You've been pedalling this myth for years, Jacob. The way most of us hone blades (just the end bit that does the cutting), honing a thick blade takes no longer than honing a thin one. But the way you hone (your dubious rounded under method) involves honing the whole of the bevel, so a thick blade will take longer.

Cheers :wink: 

Paul


----------



## Corneel (13 Feb 2015)

Some background information about these Japanes irons. It is not like a blacksmith makes each of these individually from a a lump of wrought iron and a bit of steel. In Japan you can get large sheets with a laminated steel edge. These are made in the steel factory and are used mostly for kitchen knifes. The blacksmith buys these and cuts the blade from the sheet. Then he hardens the edge. The base material is normal carbon steel, not expensive and rare wrought iron.

In a Stanley plane, a 2.2 mm iron is plenty thick enough for most work when you make sure that the frog is pulled back so the blade is fully supported on the sole of the plane too, and with the capiron relatively close to the edge. When tearout is a problem this can be controlled with the capiron too, placed very cclose to the edge.


----------



## Jacob (13 Feb 2015)

Cheshirechappie":17gasvdb said:


> Why not even thinner irons. then? They'd be even easier to sharpen.


Compromise. No doubt experiments were made.
A similar design is the Gillette safety razor where the blade is very thin, but disposable rather then resharpenable. 
The similarity is that they both have a thin blade clamped in a blade holding/clamping system, which emulates a thicker blade.

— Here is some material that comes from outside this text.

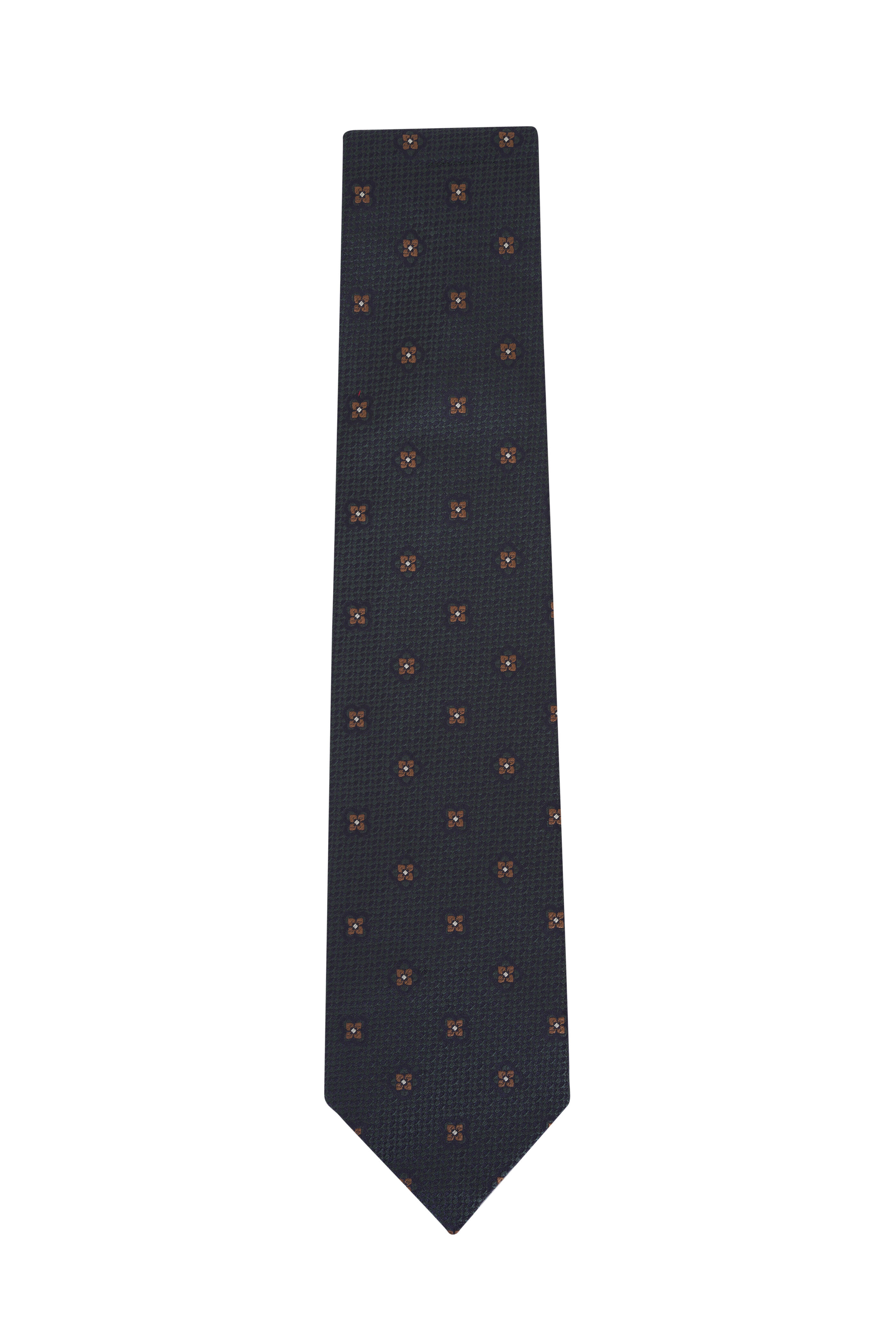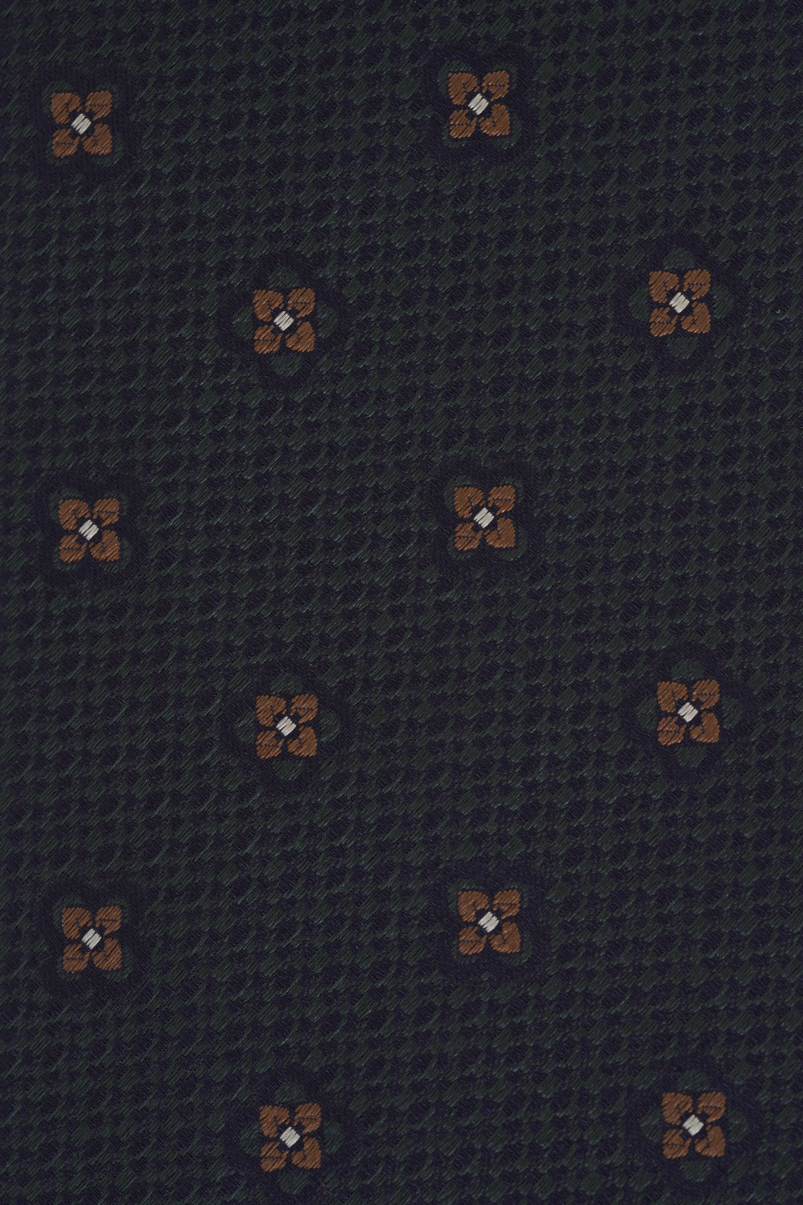 Navy, Green & Brown Floral Print Silk Necktie

They tried thicker blades too in early safety razors, and thinner disposable blades in planes.


----------



## Cheshirechappie (13 Feb 2015)

Jacob":162f4hjx said:


> Cheshirechappie":162f4hjx said:
> 
> 
> > Why not even thinner irons. then? They'd be even easier to sharpen.
> ...



Compromise between what factors?

If razor blades work so well in razors, why don't they use them in planes?


----------



## sdjp (13 Feb 2015)

Cheshirechappie":34hz6k7u said:


> It may be worth a quick note to the effect that the stiffness of a plane iron, using classical beam theory, is proportional to the cube of the thickness. Thus, an iron 2.4mm thick is almost twice as stiff as a 2mm thick one. (A 3mm thick iron is more than three times stiffer than a 2mm one.)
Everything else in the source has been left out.